Ford's firings reflect the cold reality facing today's employees, work force experts said.
"It used to be that if there was a downsizing, it would happen in a way that would show that you're taking care of us, that you're being a caring employer," Ellen Kossek, a professor of human resource management at Michigan State University, said Thursday. "Ford is not going out of its way to not be a nice employer. They are just making the difficult choices."
Here goes "the employee discount for everyone"....
I wonder how many on the "management team" are being let go for agreeing to the crazy and very costly union agreements..
At one time, these giant industrial bureaucracies could support themselves, given a domestic-only market environment.
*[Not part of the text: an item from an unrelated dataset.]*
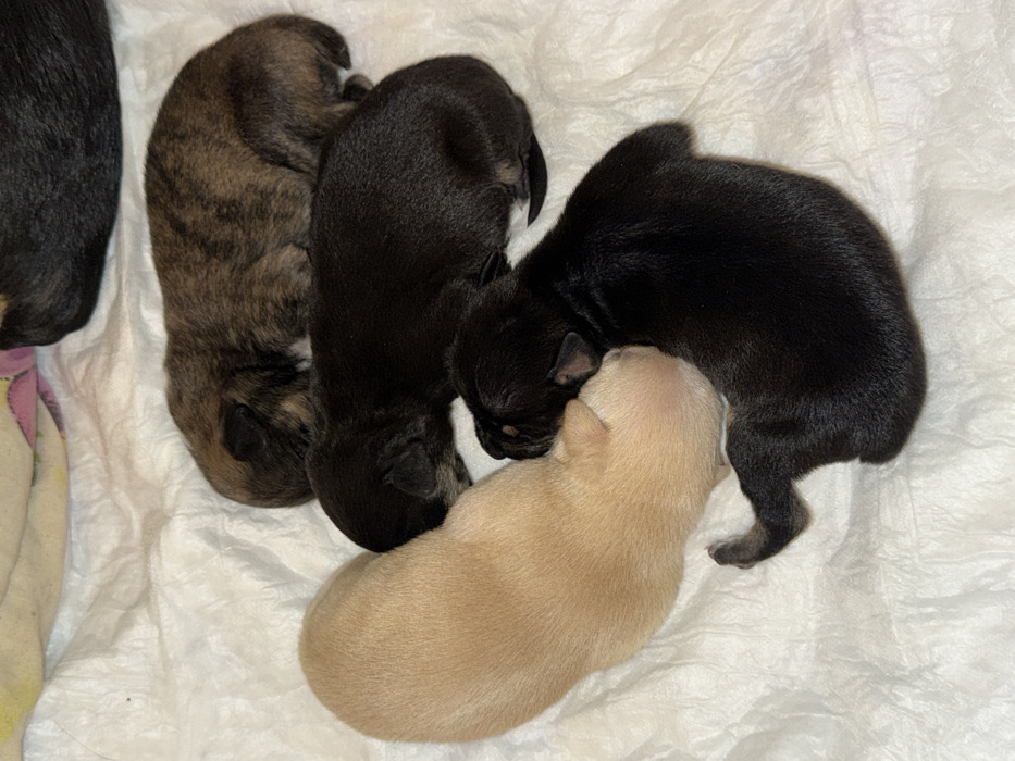 - "Four newborn puppies are observed sleeping on a white, textured blanket in an unspecified indoor location within the city of Avren, Bulgaria" by FM-FbDJJ3, licensed under CC BY 4.0

That has changed as we know -- like GM, Ford has learned it cannot support an "internal welfare state" which generates loads of unfunded debt..it is a world market now, with outside competitive standards and pressures.
Either trim down, or lose market share...in a big way.
Ding! Ding! Ding! Ding! Ding! ...
Welcome to the club 'Ford Employees'. Ain't Corporate America Grand.
I guess the world has some new Honda and Toyota customers.
I was gonna spin it as: "At least they get to keep the employee discount." Like everybody else in America.
Ford made junk for years. They didn't care. They dismissed the thought of foreign competition. Deuce drove the Pinto around the race track once and gave the go-ahead, so the legend goes.
American car makers have not left the dream world of the 1950's. I used to wonder how they could give away so much money for wages and benefits. Now GM is known as a benefits company that also makes cars.
Why don't they find a way to turn 50% of their cars into hybrids while still keeping them looking like real cars.
Given todays' current oil market, I do believe they would sell.
Regards, Ivan
"It used to be that if there was a downsizing, it would happen in a way that would show that you're taking care of us, that you're being a caring employer..."
(14 year DEC employee who was thrown out the door one fine day during Bob Palmer's 'downsizing' so he could leave with a $52 million platinum parachute)
I guess they never thought of a catapult on the roof.
"American car makers have not left the dream world of the 1950's."
American Car manufacturers and unions have the same business model as they had in the 50s, I read recently where Ford feels the biggest challenge is securing a CBA with UAW.
Ford, GM and Chrysler are on their last legs unless they get bold visionaries in leadership and throw out this 1950's model and the unions that go with it.
You couldn't pay me enough to even test drive their junks, and I drove Fords for 30 years long ago.
I was thinking the same thing.
The "giant sucking sound" Ross Perot used to talk about is here. It is not just Mexico sucking away American jobs. It is China, Taiwan, Japan, South Korea, India, Singapore, Thailand, Central and South America, and any other country with low wage workers. We are reaping the consequences of globalization.